Trump’s aide came up and said “mistake” for him, at which point he continued, “Let me assure you, to demonstrate my understanding and compassion for these proud, hardworking people, I paid my cleaning lady extra this week.”

Mr. Trump received a standing ovation after several interns for the young GOP started handing out stacks of money to the attendees. When the room calmed, Trump continued. “I took a few moments to talk to her, as well,” he said.  “she speaks only enough American to know she can’t use the gold polish on the platinum countertops, but we shared the international language of understanding and broad hand gestures.  Her name is Enchirito… or Chalupa… or something weird I can’t pronounce.  Let’s just call her Kate; something classy, like Julia Roberts in Pretty Woman.  Anyway, she told me about her life back in the place where she came from.  I can’t remember where it was, but it was probably a nice place.  She told me about her family.  She has a brother named Herman. I asked her if he had raped any white women. She said no.  I love her sense of humor!”

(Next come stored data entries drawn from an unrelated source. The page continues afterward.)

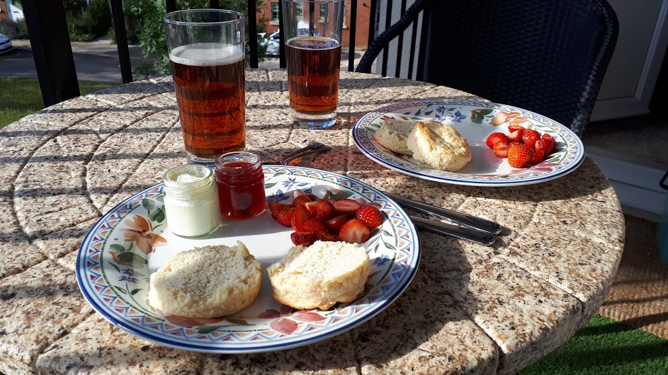 A promise of a heatwave bought us out early Monday morning after we agreed of spending too long on the shed building project but prior to this I had a nice surprise early Sunday the day before. It was a gift, by courier, of goodies from eldest daughter! Beer and cakes for a special Fathers Day to be taken on the sunny balcony. Cream tea, well, no tea just beer and scones with jam & creme. Ideal prep for tomorrow morning's run.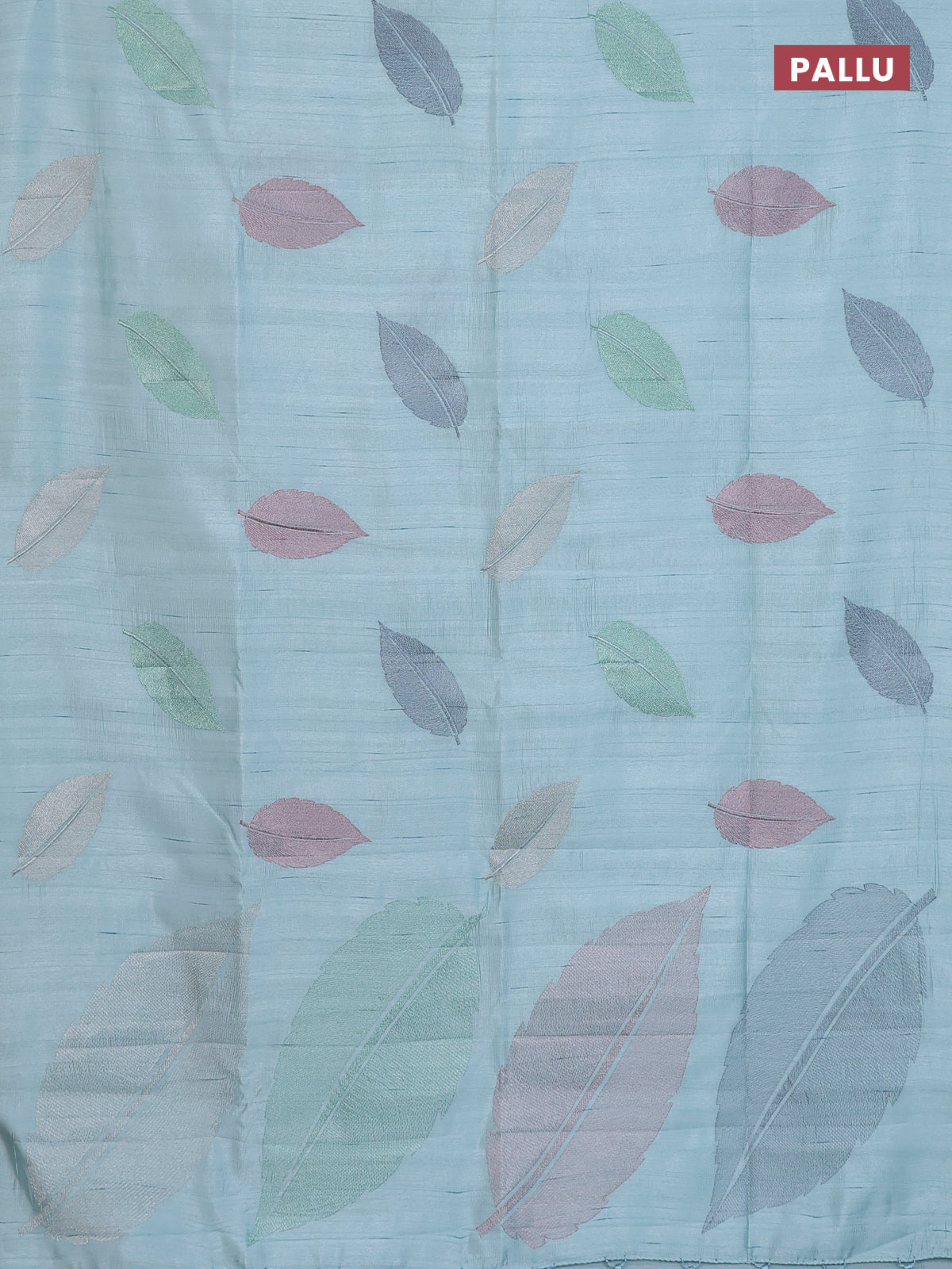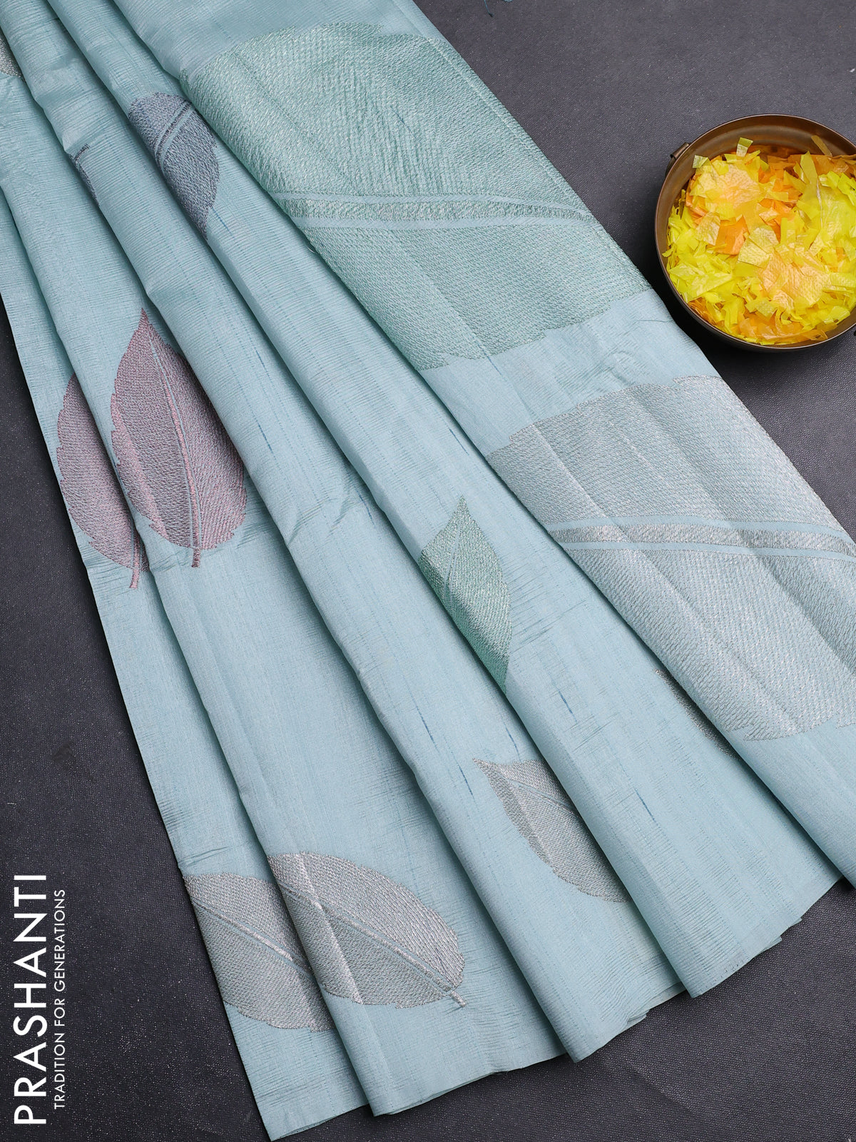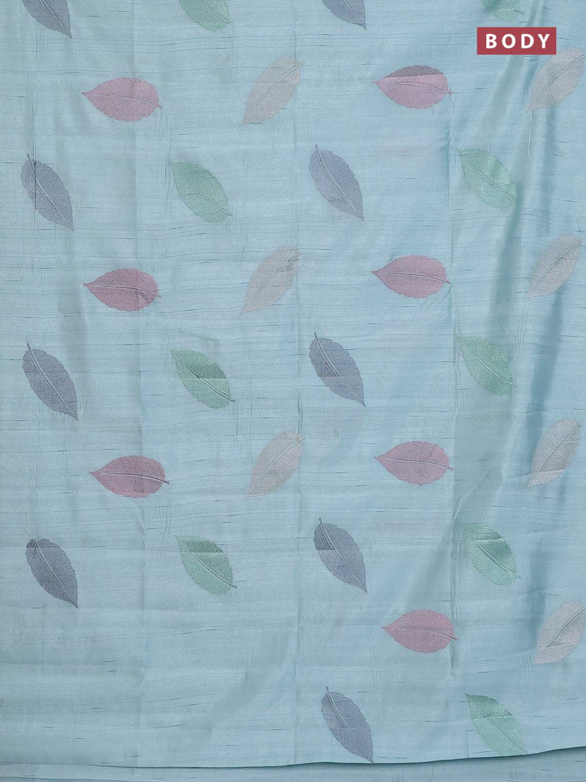 Semi raw silk saree pastel blue with leaf embroidery buttas in borderless style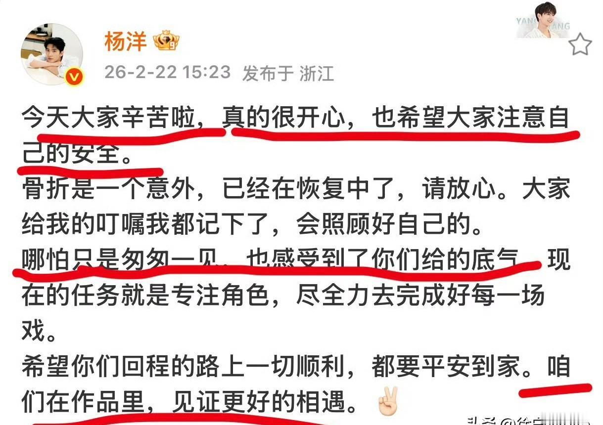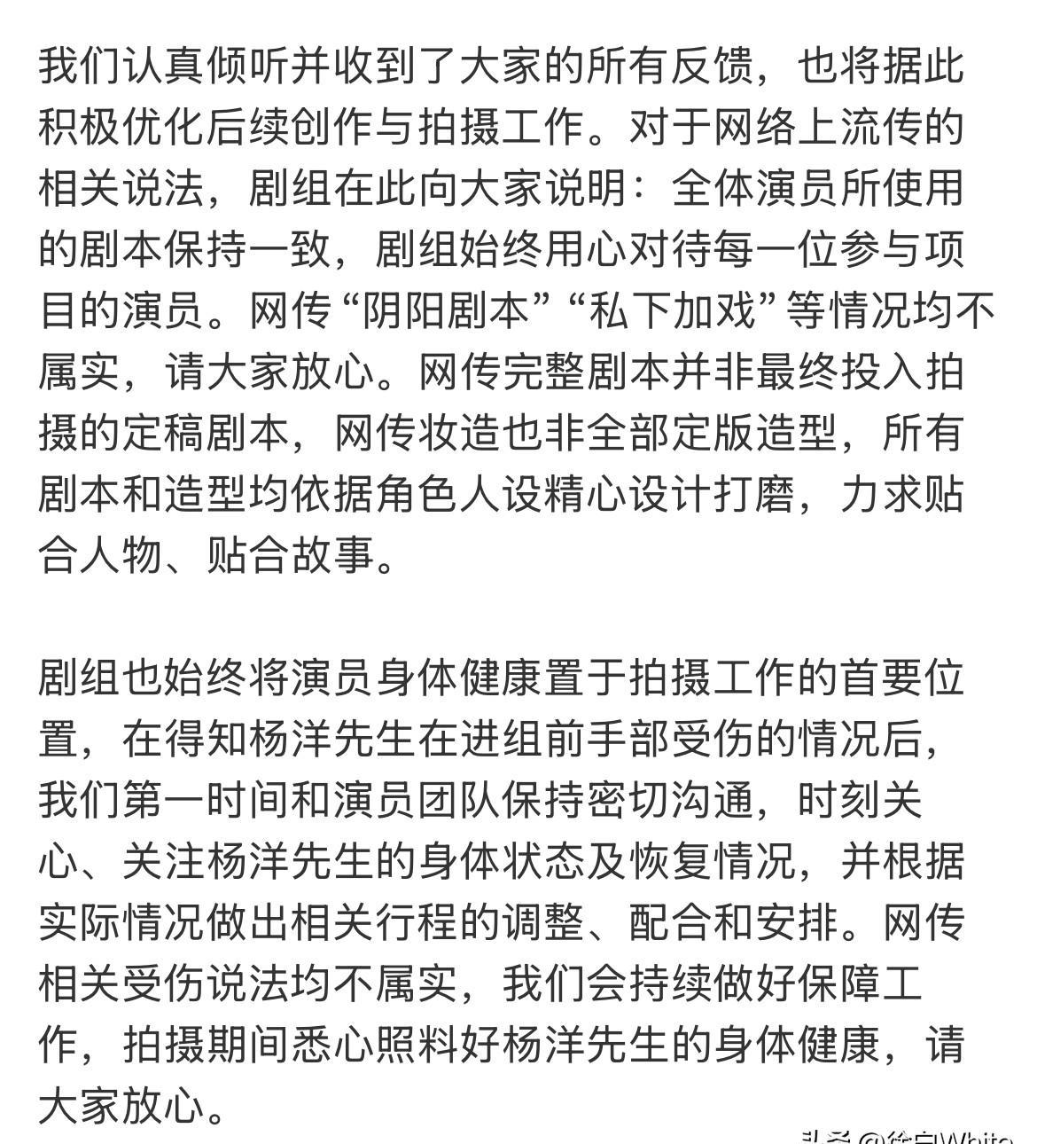 剧组声明墨迹未干,人已经拎着箱子走了。 他们嘴上说着一切安好,粉丝指着开机照的第二排站位和男配手上的加戏本子,没人信这套。 开机两天,问题炸了一堆。 大男主剧,杨洋被按在第二排,第一排站着男配。 合同签的是一回事,现场执行的又是另一套。 手受伤的消息刚漏出来,声明立刻扑上来“辟谣”,速度快得像排练过。 四天,从进组到离开。 够拍几场戏? 不够看清一个剧组的底色。 每天烧着巨资,演员离组是核弹级损失,但明知是坑还往里跳,代价更大。 这个圈子里,妥协是常态,但有些红线踩不得。 那不是耍大牌,那是给自己的职业生涯立界碑。 短期看是损失一个项目,长期看是保住所有项目的尊严。 你可以暂时站在第二排,但不能永远活在别人的剧本里。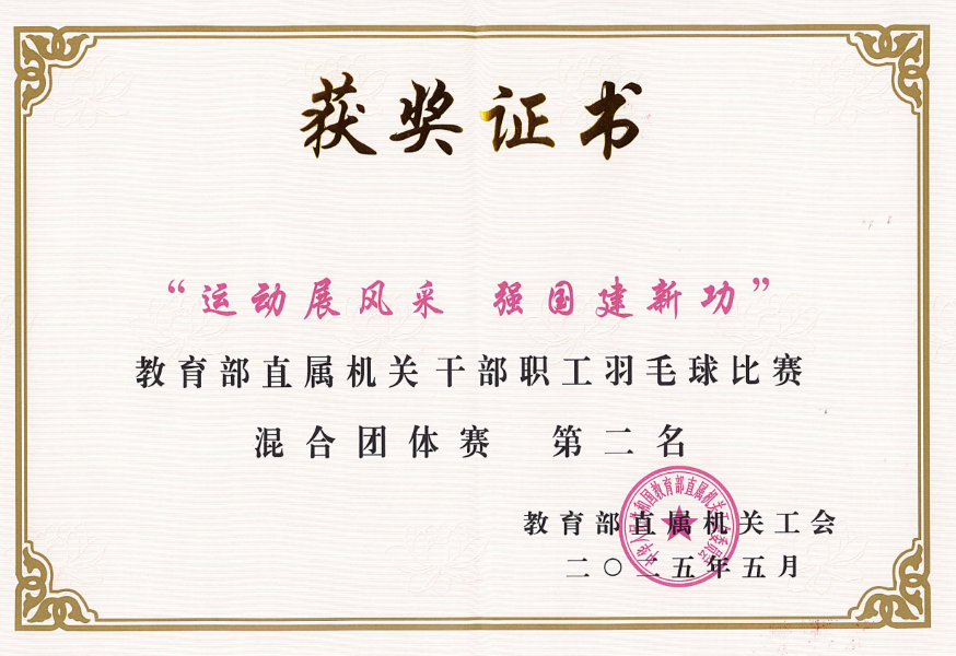 ??羽毛球作为教育部直属单位传统品牌赛事,既是职工强健体魄的舞台,更是弘扬奋斗精神的载体。队员们纷纷表示,体育竞技的拼搏意志与教育工作者的育人初心一脉相承。此次佳绩将进一步激励全体职工把赛场上的协作精神、进取意识和坚韧品格转化为推动教育高质量发展的实干动能,在服务教育强国建设的征程中再立新功!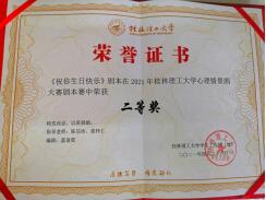 4月27日,经过精心编排、院内选拔以及现场激烈角逐,yl23411永利的心理情景剧作品《祝你生日快乐》荣获桂林理工大学2021心理情景剧大赛二等奖。《祝你生日快乐》剧本在2021年桂林理工大学心理情景剧本赛中荣获二等奖。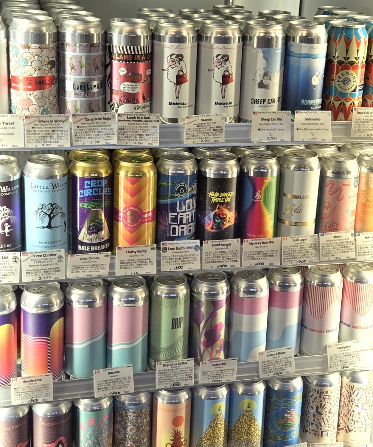 世界各国のビールが並ぶ風景は、さながら万国博覧会のよう。こちらはアメリカにカナダ。

As the crowd seemed to become bored and demanding of more money like entitled leeches, Mr. Trump wrapped it up. “May I remind each of us here today that this country was built by immigrants. Ever since the first native Americans came here, the pilgrims helped them find jobs building high rise condos and that’s why we have Thanksgiving.”

Even though the last attendee had left hours before Mr. Trump finished, it was probably these closing remarks that resounded most, and not just because the room was empty and had awesome acoustics.  It is because it speaks to something so true and basic to all of us, whether American or Mexican, or perhaps some other nationality that hasn’t been discovered yet, and that is that no matter where we are from or how we got here, we are none of us classier than Donald Trump.